-
Working with void*
Hey there; I've been working on a really simple class for a void pointer linked list. I'm looking for a way to deal with having to convert to void* and then back to whatever type I'm using. For example:
My class:
Code:
struct GSLLNODE {
void* dat;
GSLLNODE* next;
};
class GSLL {
private:
GSLLNODE *root;
public:
GSLL() {root = new GSLLNODE; root->next = 0;}
void Next(void* dat);
void* GetNext();
};
void GSLL::Next(void* dat) {
GSLLNODE *n = new GSLLNODE;
GSLLNODE *cur = root;
n->dat = dat;
n->next = 0;
while(cur->next)
cur = cur->next;
cur->next = n;
}
void* GSLL::GetNext() {
if(!root->next)
return 0;
root = root->next;
return root->dat;
}
Code:
int main() {
GSLL gg;
int f = 0;
gg.Next((void*)++f);
gg.Next((void*)++f);
gg.Next((void*)++f);
gg.Next((void*)++f);
gg.Next((void*)++f);
gg.Next((void*)++f);
f = (int)gg.GetNext();
while(f) {
std::cout << f;
f = (int)gg.GetNext();
}
std::cin >> f;
return 0;
}
I suppose I'm looking for some sort of auto-interface to cast the void pointer automatically? It'd help cut the amount of neccesary coding drastically.
-
Have you considered the use of templates?
-
Typically when using void pointers, it is left to the programmer to know what type they are. And as a side note, in your GSLL::Next function, you're passing in an integer as a void pointer -- I doubt you will be able to use the same code for a linked list of floats/doubles.

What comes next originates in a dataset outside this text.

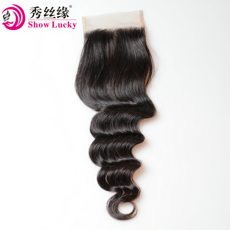 款式:真人假发发帘和发块 loose deep human hair with 4*4 lace closure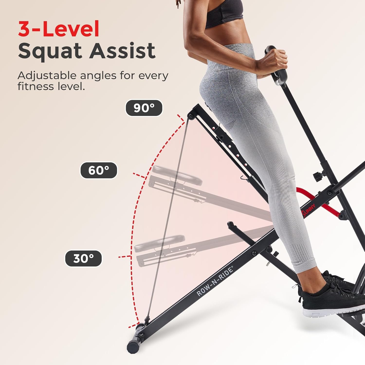 This is a compact, upright fitness trainer built by Sunny Health & Fitness that blends row-like motion with upright movement and squat/leg engagement — ideal if you want a low-impact total-body workout without traditional rowing mechanics. It’s not a standard rowing machine (push-pull rail machine), but rather a multi-motion trainer that targets similar muscle groups through an upright, standing movement pattern.

C++ offers a few things you can use to "auto-interface to cast the void pointer automatically". As laserlight said, a Template would probably be easiest here. Another way would be, instead of using void pointers, have it as a list of a certain interface. Anything you want to be in the list would have to implement that interface in order for the list to use it. This wouldn't be practical for lists of primitive types, but if you're going to be having lists of objects.